### EXERCISE DIRECTIONS
Exact copy, pictures excluded: please retype the lines from the start of the material through the line containing "フル HD カメラ」に関する変な話です。", both ends included, and nothing more.

### COLLECTED DATA
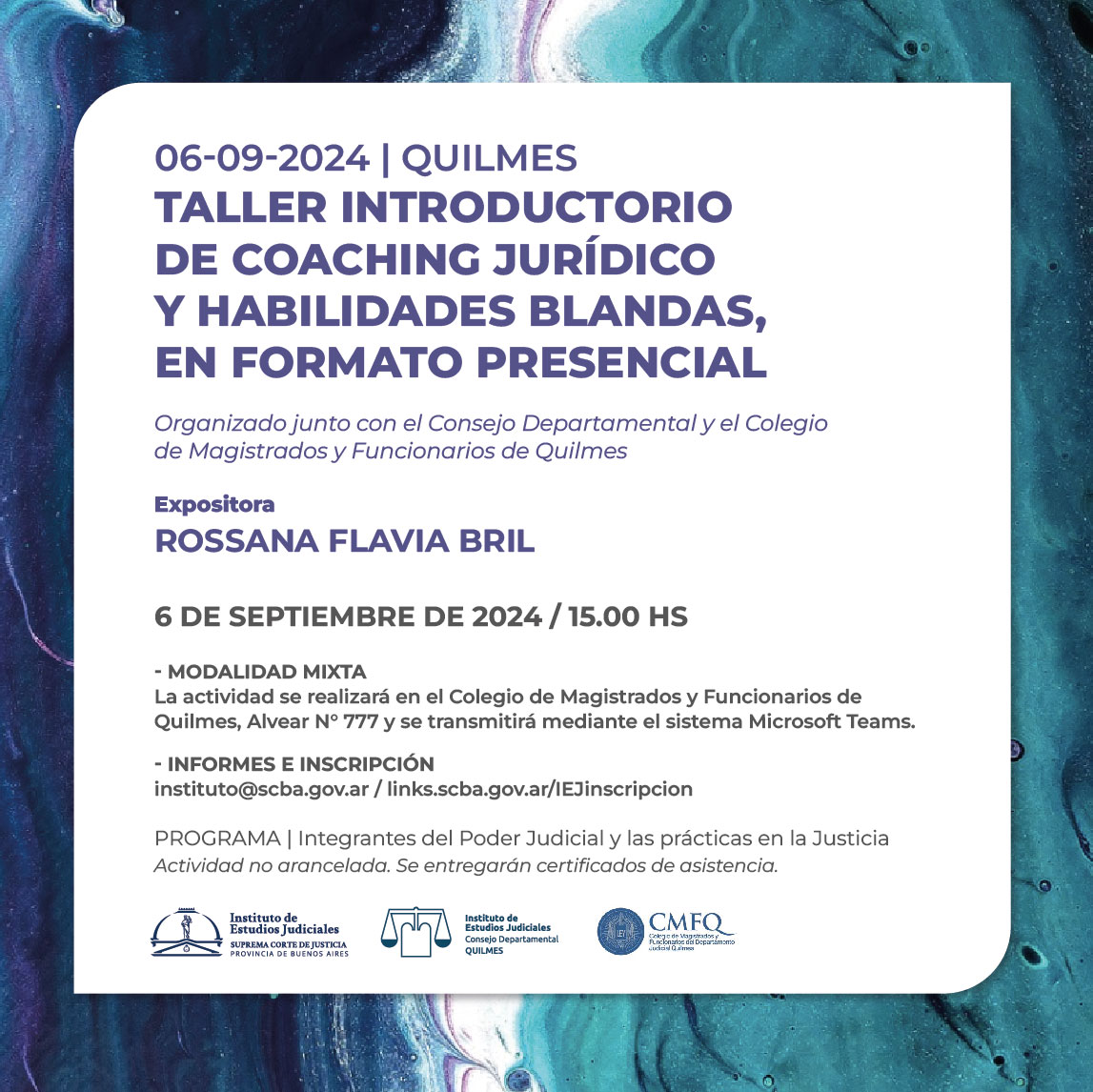 06-09-2024 | QUILMES -Taller introductorio de Coaching Jurídico y Habilidades Blandas, en formato presencial (a distancia )
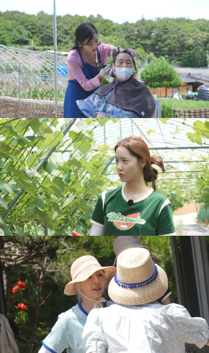효연과 윤아는 포도밭, 티파니 영과 유리는 새치 염색, 태연과 써니와 수영은 유리창 청소와 강아지 목욕을 맡아 각자의 일터로 향한다. 먼저 새치 염색 팀 유리는 넘치는 열정, 자신감과는 달리 염색 초보의 엉성한 손놀림으로 반전을 선사한다. 실력은 부족하지만 친화력만큼은 최고인 유리는 할머니와 친손녀 같은 케미를 발산해 훈훈함을 더한다.
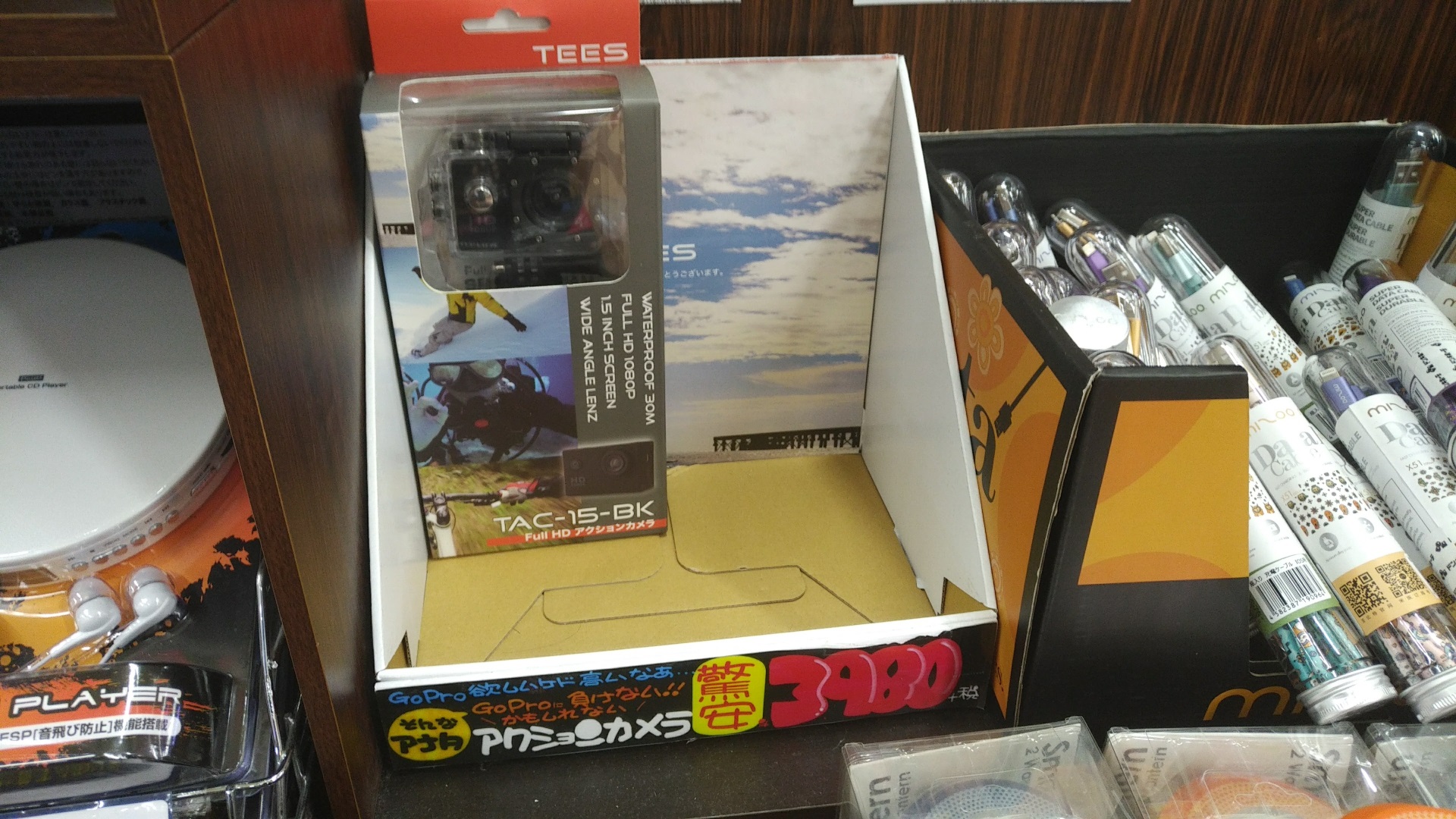 先日(8 月 17 日)、ドン・キホーテのプライベートブランド「ACTIVEGEAR(アクティブギア)」から小型アクションカム「アクティブギア フル HD カメラ(TAC-15S)」が発売されるとのことで、沖縄県うるま市にある MEGA ドン・キホーテ うるま店に行ってきました。今回は、その「アクティブギア フル HD カメラ」に関する変な話です。
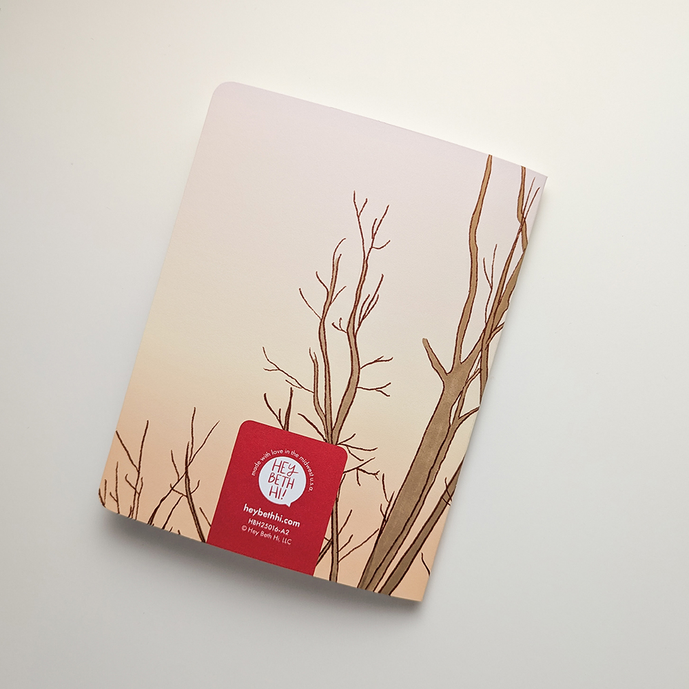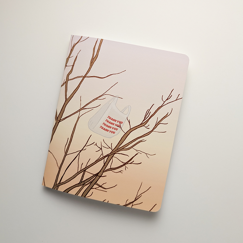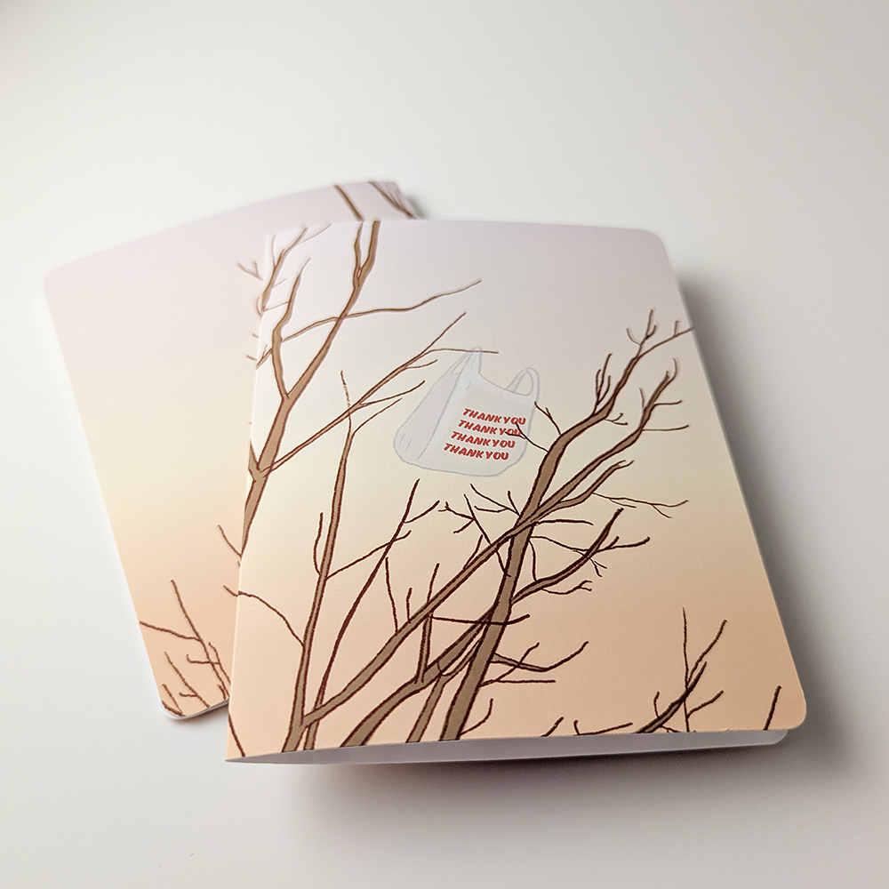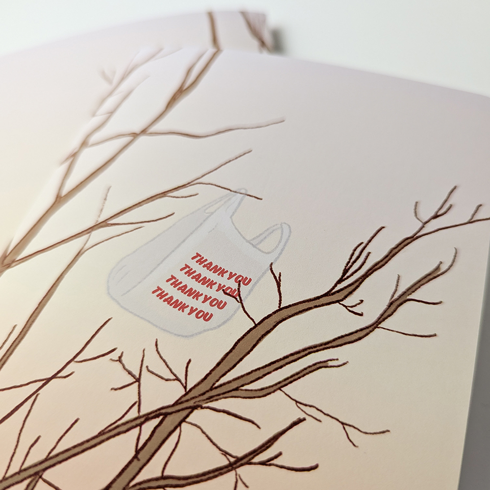 “Thank You” greeting card with a plastic shopping bag stuck in a tree. Features a soft sunrise in the background. Design wraps around the back of the card. Blank inside to write whatever you’d like!

### EXERCISE SOLUTION
 06-09-2024 | QUILMES -Taller introductorio de Coaching Jurídico y Habilidades Blandas, en formato presencial (a distancia )
효연과 윤아는 포도밭, 티파니 영과 유리는 새치 염색, 태연과 써니와 수영은 유리창 청소와 강아지 목욕을 맡아 각자의 일터로 향한다. 먼저 새치 염색 팀 유리는 넘치는 열정, 자신감과는 달리 염색 초보의 엉성한 손놀림으로 반전을 선사한다. 실력은 부족하지만 친화력만큼은 최고인 유리는 할머니와 친손녀 같은 케미를 발산해 훈훈함을 더한다.
 先日(8 月 17 日)、ドン・キホーテのプライベートブランド「ACTIVEGEAR(アクティブギア)」から小型アクションカム「アクティブギア フル HD カメラ(TAC-15S)」が発売されるとのことで、沖縄県うるま市にある MEGA ドン・キホーテ うるま店に行ってきました。今回は、その「アクティブギア フル HD カメラ」に関する変な話です。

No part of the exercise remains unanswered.